### Collected data entries
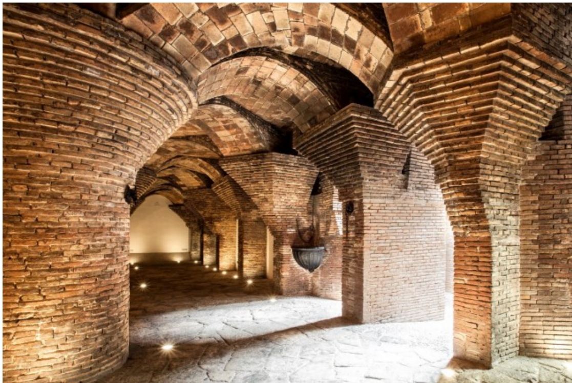
Les cavallerisses, a la planta soterrània.
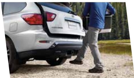
PORTÓN TRASERO CON FUNCIÓN DE APERTURA AUTOMÁTICA CON SENSOR DE MOVIMIENTO
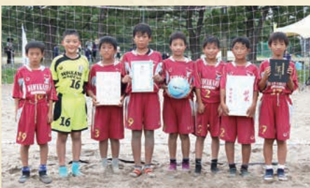
▲ビーチフットサル 小学生の部 優勝 『川上FC U-12』のみなさん
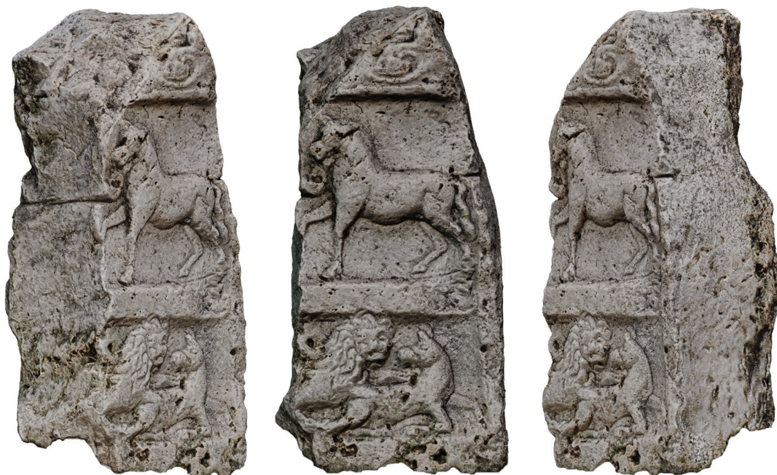
12. kép – A Nr. 13 sztélé-töredék balról, szemből és jobbról, 2020. június

értékelése során az említett levelezéshez mellékelt évszázados fényképet használta. Megállapításai az autopszia alapján kiegészíthetők a következő adatokkal: A darab fentről, letről és balról töredékes. A jobb oldalon az alsó harmadig megmaradt a sztélé eredeti oldalsíkja. A csonka darab mindkét oldalán befűrészelések figyelhetők meg. A sztélé hátoldala durván lenagyolt. Az alsó képmező magassága 24 cm, az efelett kialakított képmezőé 36 cm. A két képmezőt díszítetlen perem választja el egymástól, ugyancsak díszítetlen volt a képmezőket oldalról határoló perem. A kötődék felső részén a frízben borostyáninda fut. A fríz felett valószínűleg nem a feliratos mező, hanem egy újabb képmező lehetett, talán portréábrázolásokkal. A feliratos mező inkább a három képmező alatt kaphatott helyet – erre a megoldásra több példát is ismerünk Pannoniából. 116 A letört felső mező profilkeretének oldalrészéből nem őrződött meg semmi, a maradványnak vélt részlet inkább a mező figurális faragványához tartozhatott. Így a kötődék nem a sztélé alsó felének, hanem felső felének jobb oldali darabja lehet. A fő motívumnak vélt 'lovat vezető calo'-ábrázolás inkább a fő képmező alatti egyik mellékmotívumként értelmezhető és elképzelhető akár egy kocsijelenet részletként is, 117 vagy tripus -jelenettel kombinálva 118 (12. kép).
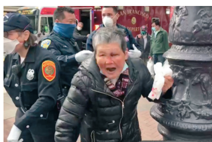
當地時間3月17日，華裔婆婆在舊金山市場街遭一名美國白人襲擊。

「希望美方真正踐行保護人權的承諾，嚴厲打擊針對包括亞裔美國人在內的少數族裔的歧視和仇恨暴力行為，切實保障少數族裔各項權利，讓少數族裔擺脫歧視仇恨犯罪的噩夢，不再生活在暴力和恐懼之中。」趙立堅說。

### TASK DIRECTIONS
Having removed the pictures, write out the records exactly as they stand.

### EXERCISE SOLUTION
Les cavallerisses, a la planta soterrània.
PORTÓN TRASERO CON FUNCIÓN DE APERTURA AUTOMÁTICA CON SENSOR DE MOVIMIENTO
▲ビーチフットサル 小学生の部 優勝 『川上FC U-12』のみなさん
12. kép – A Nr. 13 sztélé-töredék balról, szemből és jobbról, 2020. június

értékelése során az említett levelezéshez mellékelt évszázados fényképet használta. Megállapításai az autopszia alapján kiegészíthetők a következő adatokkal: A darab fentről, letről és balról töredékes. A jobb oldalon az alsó harmadig megmaradt a sztélé eredeti oldalsíkja. A csonka darab mindkét oldalán befűrészelések figyelhetők meg. A sztélé hátoldala durván lenagyolt. Az alsó képmező magassága 24 cm, az efelett kialakított képmezőé 36 cm. A két képmezőt díszítetlen perem választja el egymástól, ugyancsak díszítetlen volt a képmezőket oldalról határoló perem. A kötődék felső részén a frízben borostyáninda fut. A fríz felett valószínűleg nem a feliratos mező, hanem egy újabb képmező lehetett, talán portréábrázolásokkal. A feliratos mező inkább a három képmező alatt kaphatott helyet – erre a megoldásra több példát is ismerünk Pannoniából. 116 A letört felső mező profilkeretének oldalrészéből nem őrződött meg semmi, a maradványnak vélt részlet inkább a mező figurális faragványához tartozhatott. Így a kötődék nem a sztélé alsó felének, hanem felső felének jobb oldali darabja lehet. A fő motívumnak vélt 'lovat vezető calo'-ábrázolás inkább a fő képmező alatti egyik mellékmotívumként értelmezhető és elképzelhető akár egy kocsijelenet részletként is, 117 vagy tripus -jelenettel kombinálva 118 (12. kép).
當地時間3月17日，華裔婆婆在舊金山市場街遭一名美國白人襲擊。

「希望美方真正踐行保護人權的承諾，嚴厲打擊針對包括亞裔美國人在內的少數族裔的歧視和仇恨暴力行為，切實保障少數族裔各項權利，讓少數族裔擺脫歧視仇恨犯罪的噩夢，不再生活在暴力和恐懼之中。」趙立堅說。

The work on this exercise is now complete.